▸ **Task prompt**: An exact retyping of all lines below is the answer; pictures do not belong in it.

▸ **Given material**:
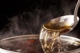 鰹節・鯖節・利尻昆布などを使った『鰹一番出汁』を毎朝作っております。その豊潤な味と香り、そして濁りのない上品な黄金色の出汁は塩分がほとんど入っておらず、スッキリとした味わいで素材本来の旨味をしっかり生かしながら優しさの中に深みがあります。
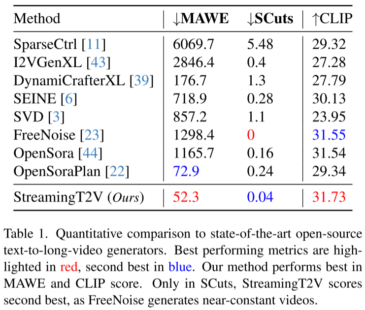 - MAWE指标同时衡量运动量和一致性,StreamingT2V比第二名低28%,说明既有丰富运动又保持一致
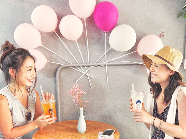 可愛いタピオカ屋さんを見つけたのでそこでひと休憩。

▸ **Response for this exercise**:
 鰹節・鯖節・利尻昆布などを使った『鰹一番出汁』を毎朝作っております。その豊潤な味と香り、そして濁りのない上品な黄金色の出汁は塩分がほとんど入っておらず、スッキリとした味わいで素材本来の旨味をしっかり生かしながら優しさの中に深みがあります。
 - MAWE指标同时衡量运动量和一致性,StreamingT2V比第二名低28%,说明既有丰富运动又保持一致
 可愛いタピオカ屋さんを見つけたのでそこでひと休憩。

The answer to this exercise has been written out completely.